Published online Jul 26, 2014. doi: 10.4252/wjsc.v6.i3.322
Revised: May 12, 2014
Accepted: June 10, 2014
Published online: July 26, 2014
Processing time: 246 Days and 16.1 Hours
Multiple myeloma is a hematological malignancy in which clonal plasma cells proliferate and accumulate within the bone marrow. The presence of osteolytic lesions due to increased osteoclast (OC) activity and suppressed osteoblast (OB) function is characteristic of the disease. The bone marrow mesenchymal stromal cells (MSCs) play a critical role in multiple myeloma pathophysiology, greatly promoting the growth, survival, drug resistance and migration of myeloma cells. Here, we specifically discuss on the relative contribution of MSCs to the pathophysiology of osteolytic lesions in light of the current knowledge of the biology of myeloma bone disease (MBD), together with the reported genomic, functional and gene expression differences between MSCs derived from myeloma patients (pMSCs) and their healthy counterparts (dMSCs). Being MSCs the progenitors of OBs, pMSCs primarily contribute to the pathogenesis of MBD because of their reduced osteogenic potential consequence of multiple OB inhibitory factors and direct interactions with myeloma cells in the bone marrow. Importantly, pMSCs also readily contribute to MBD by promoting OC formation and activity at various levels (i.e., increasing RANKL to OPG expression, augmenting secretion of activin A, uncoupling ephrinB2-EphB4 signaling, and through augmented production of Wnt5a), thus further contributing to OB/OC uncoupling in osteolytic lesions. In this review, we also look over main signaling pathways involved in the osteogenic differentiation of MSCs and/or OB activity, highlighting amenable therapeutic targets; in parallel, the reported activity of bone-anabolic agents (at preclinical or clinical stage) targeting those signaling pathways is commented.

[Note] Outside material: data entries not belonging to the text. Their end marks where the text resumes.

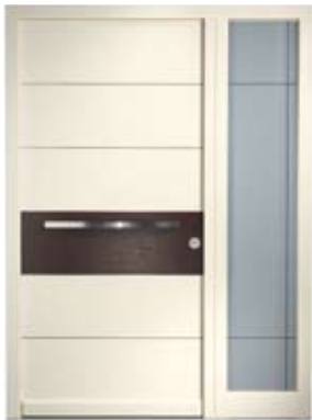
H 212 DS | Außenansicht
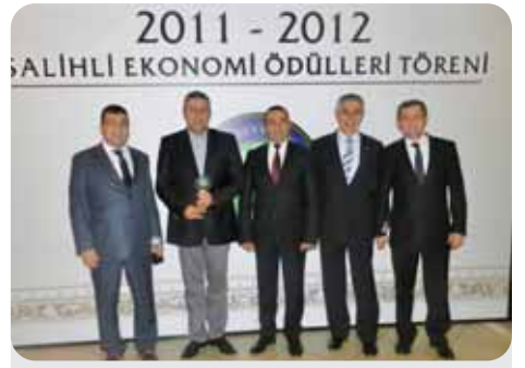
2012 İhracat Vergisi 4. 5.
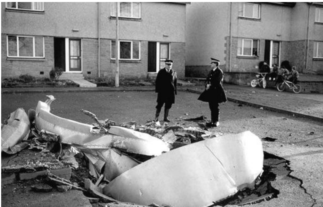
Рис. 11. Один из четырех двигателей «Pratt & Whitney JT9D» «Боинга 747», взорванного над Локерби
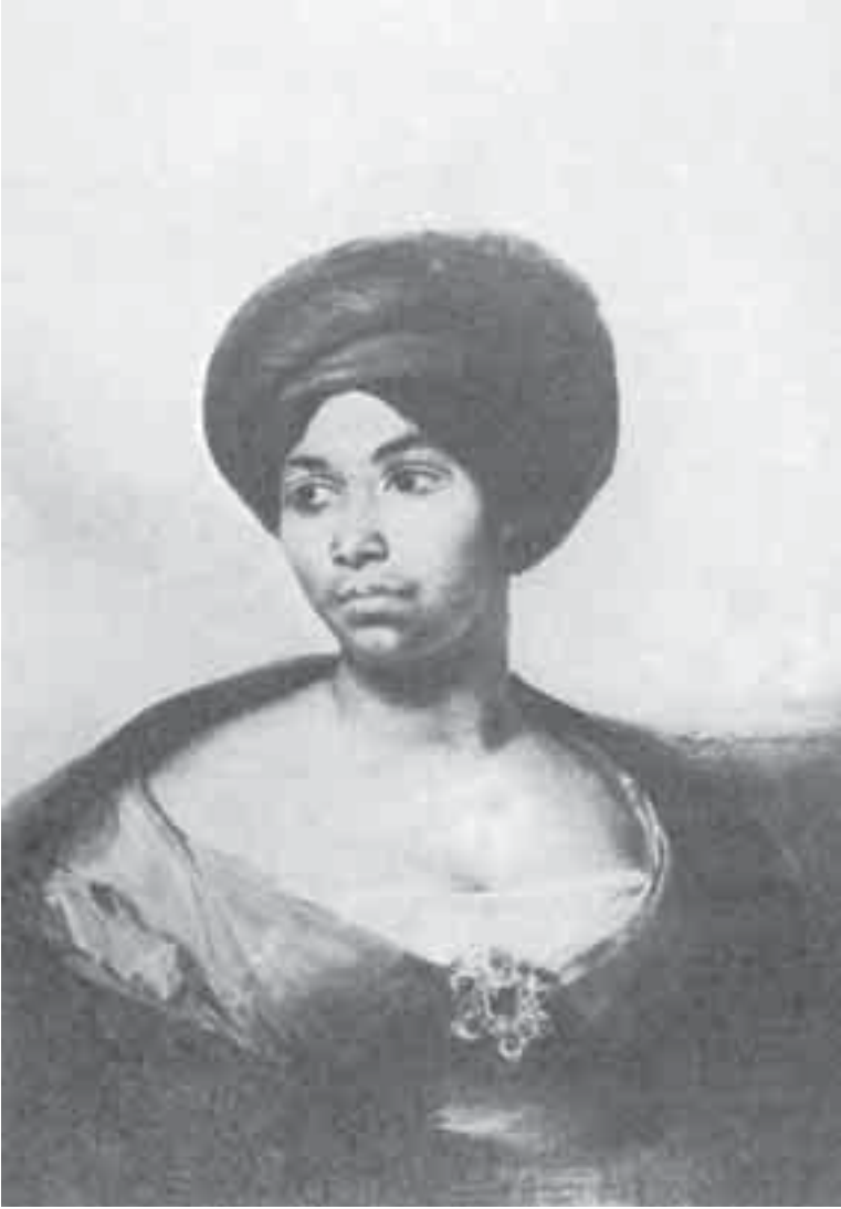
11- ديلاكروا امرأة بالعمامة الزرقاء.
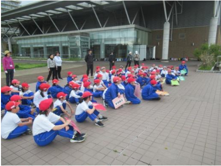
全員元気に歩きました
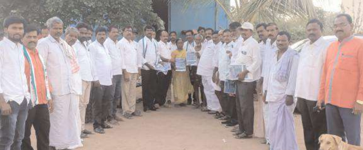
ఎన్నికల ప్రచారంలో పాల్గొన్న వైకాపా నాయకులు
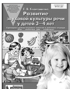
«Развитие звуковой культуры речи у детей 3–4 лет». Учебно-методическое пособие
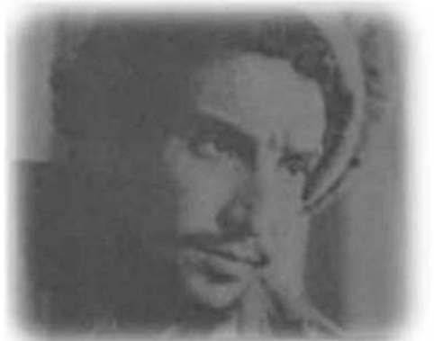
Ahmed Shah Massoud

Oui, mais ils produisaient des films en format 16 mm, d'autre part c'étaient des militants politiques ; enfin notre but à nous était de faire de la fiction.
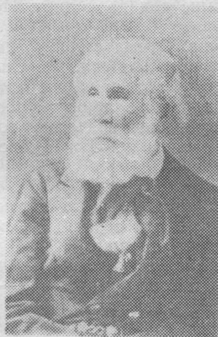
П. И. Крузенштернлōн портрет. 1881 во.

Ме гижи письмō да мōдōдї Германияса адрес кузя. Вочавидзис менам адресатлōн воча вокыс Эвэрт Крузенштерн. Письмō пытшкас пуктōма Павел Иванович портретысь вōчōм фотокопия. Портретсō рисуйтлōма Крузенштернлōн матысса суседыс Тимофей
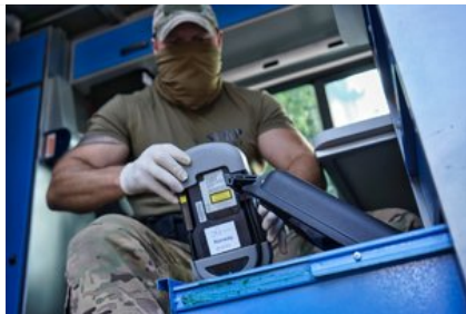
Szkolenie z zastosowania i obsługi Spektrometru Gemini
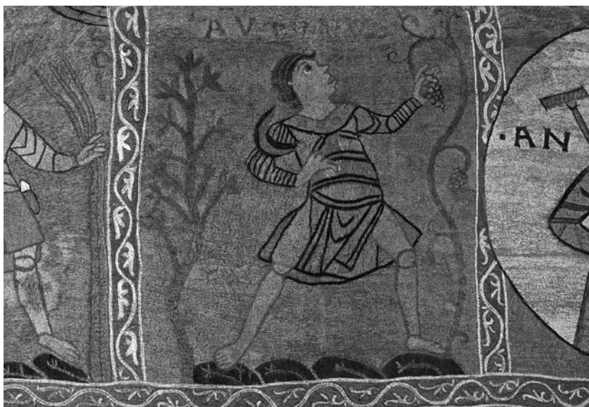
Fragment del Tapís de la Creació. La tardor representat amb un home recollint raïm i amb les inscripcions Autumnus i Nux — "Tardor" i "Nou".
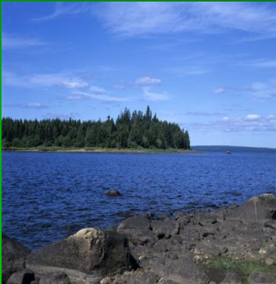
Водлозерский Национальный парк

Национальный парк – это территория или акватория с малонарушенными природными комплексами и уникальными природными объектами. В России 35 национальных парков.
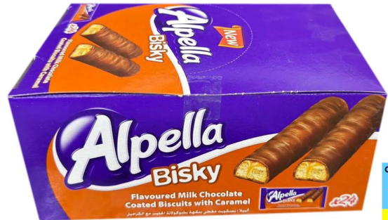
شيكلاتة ألبيللا Alpella bisky bar 24pc
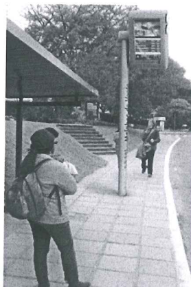
Modelo Estado do Rio de Janeiro

A presente proposição tem por finalidade sugerir ao Poder Executivo do Distrito Federal atender às reivindicações de usuários do transporte público do Distrito Federal. Todos os dias, trabalhadores, estudantes e pais de família vivem uma verdadeira humilhação diária e rotineira. Em plena capital do País, a população vem suportando o descaso do transporte público do Distrito Federal.
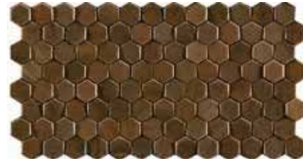
FOREST CHELSEA NUT 31,6x59,2x1,1cm P3219287 / 100173327 G235 Butech recomienda junta / Butech recommends joint: Colorstuk Rapid n Tabaco B22502011 / 100004304
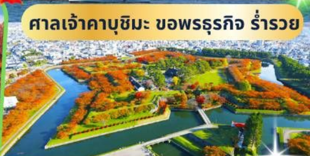
ศาลเจ้าคาบูชิมะ ขอพรรฐุกิจ ร่ำรวย
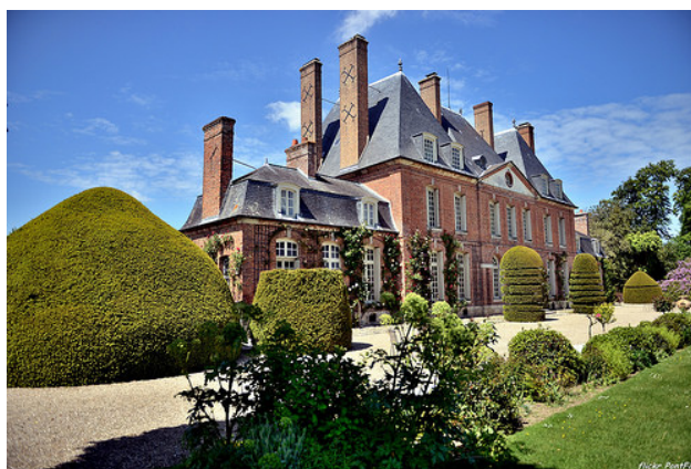
Le Château du Mesnil-Geoffroy

Adresse : 2, chemin de la Dame Blanche, 76740 Ermenouville
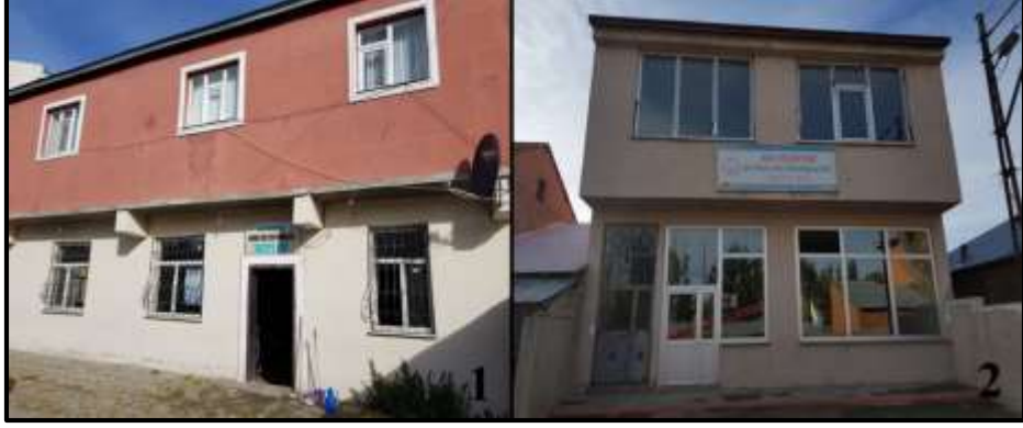
Fotoğraf 3. Taziye evlerinin bir kısmı Ağrı Belediyesi tarafından hizmete açılmıştır (M.Akif Ersoy [1] ve Alpaslan mahalleleri [2] taziye evleri).

Şehirdeki taziye evlerinin önemli özelliklerinden bazıları da iç mekân özellikleri olarak sıralanabilir. İncelenen taziye evlerinin hemen hepsinde benzer iç mekân özellikleri ile karşılaşmış olup masa ve sandalyelerden oluşan genel bir sadelik ilk göze çarpan özellik olmuştur (Fotoğraf 4). Genellikle kare veya dikdörtgen plânlı olan taziye evlerinin ortalama 80-100 kişi kapasiteli olduğu görülmektedir. Taziye evlerindeki masa ve sandalye sayısının fazlalığı hem gelen çok sayıda misafiri ağırlama ihtiyacına yönelik olarak tasarlanmakta hem de çay ve yemek gibi çeşitli ikramların sunulabilmesine olanak sağlamaktadır. Taziye evlerinin aynı amaçlara yönelik olarak mümkün olduğunca geniş tutulmasına ve oda oda ayrılmak yerine herkesin birbirini ve cenaze sahiplerini görerek yapılacak ortak dualara katılabileceği bir görünüme kavuşturulmasına özen gösterildiği gözlenmiştir. Bu nedenle eldeki imkânlarla, bütçeye ve ayrılabilen alana göre değişmekle birlikte şehirdeki taziye evlerinde geniş, ferah ve sade bir görünümün oluşturulmaya çalışıldığı ifade edilebilir.
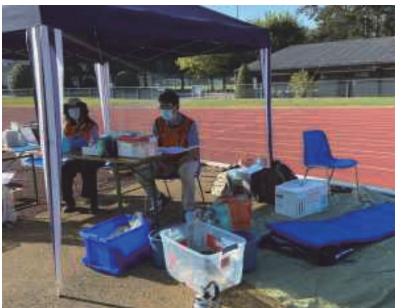
← 医師の医療ボランティア
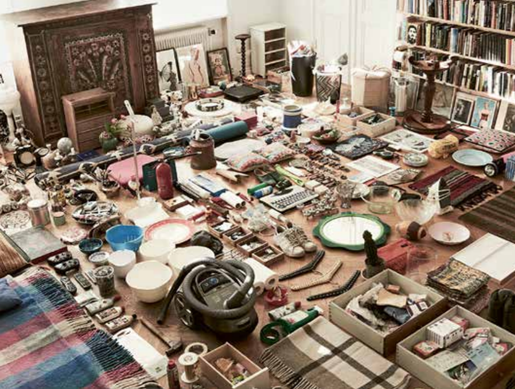
HELENACITAT. "När golvet är fyllt ger det intrycket av en arkeologisk utgrävning, tycks det mig. En iscensättning av en tänkbar framtida situation. Kanske till och med en dystopisk scenografi".
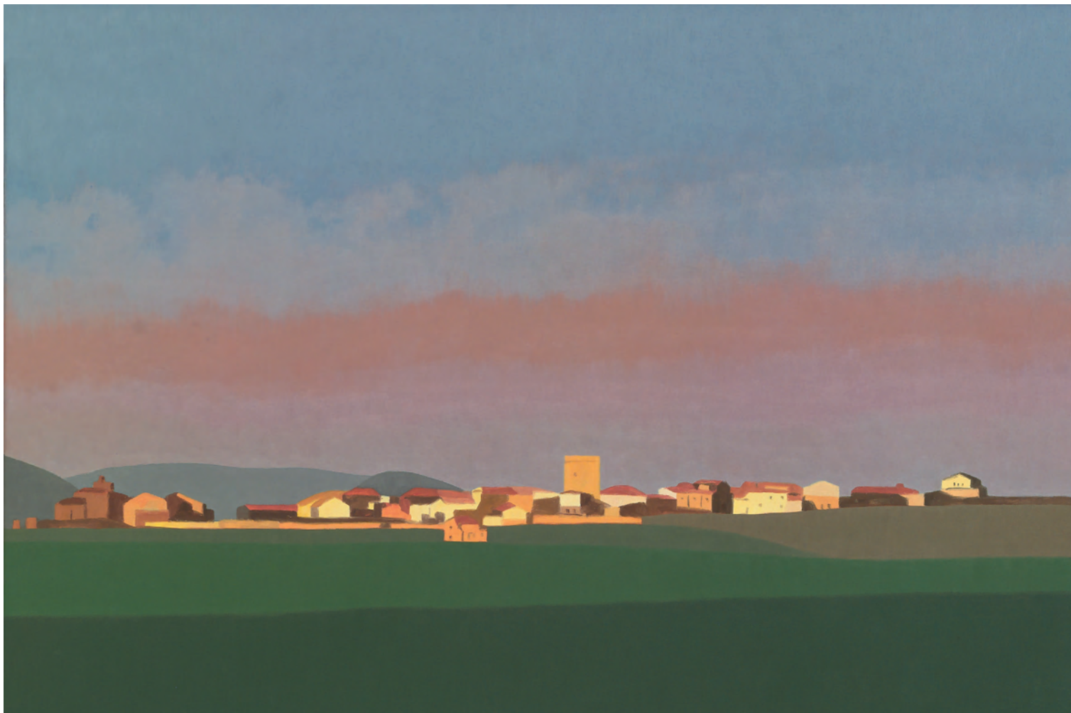
Olcoz 54x81 cm. o/l

Core tip: In multiple myeloma, bone marrow mesenchymal stromal cells (MSCs) primarily contribute to associated osteolytic lesions because of their defective differentiation to mature osteoblasts. Importantly, these MSCs also contribute to myeloma bone disease by enhancing osteoclast formation and activity through various mechanisms (i.e., increasing the receptor activator of nuclear factor-κB ligand/osteoprotegerin ratio, augmenting activin A secretion, uncoupling ephrinB2-EphB4 signaling and because of heightened production of Wnt5a). In addition, we overview signaling pathways involved in the osteogenic differentiation of MSCs or osteoblast activity and comment on the reported activity of bone-anabolic agents (preclinical or clinical stage) to restore bone homeostasis in myeloma patients.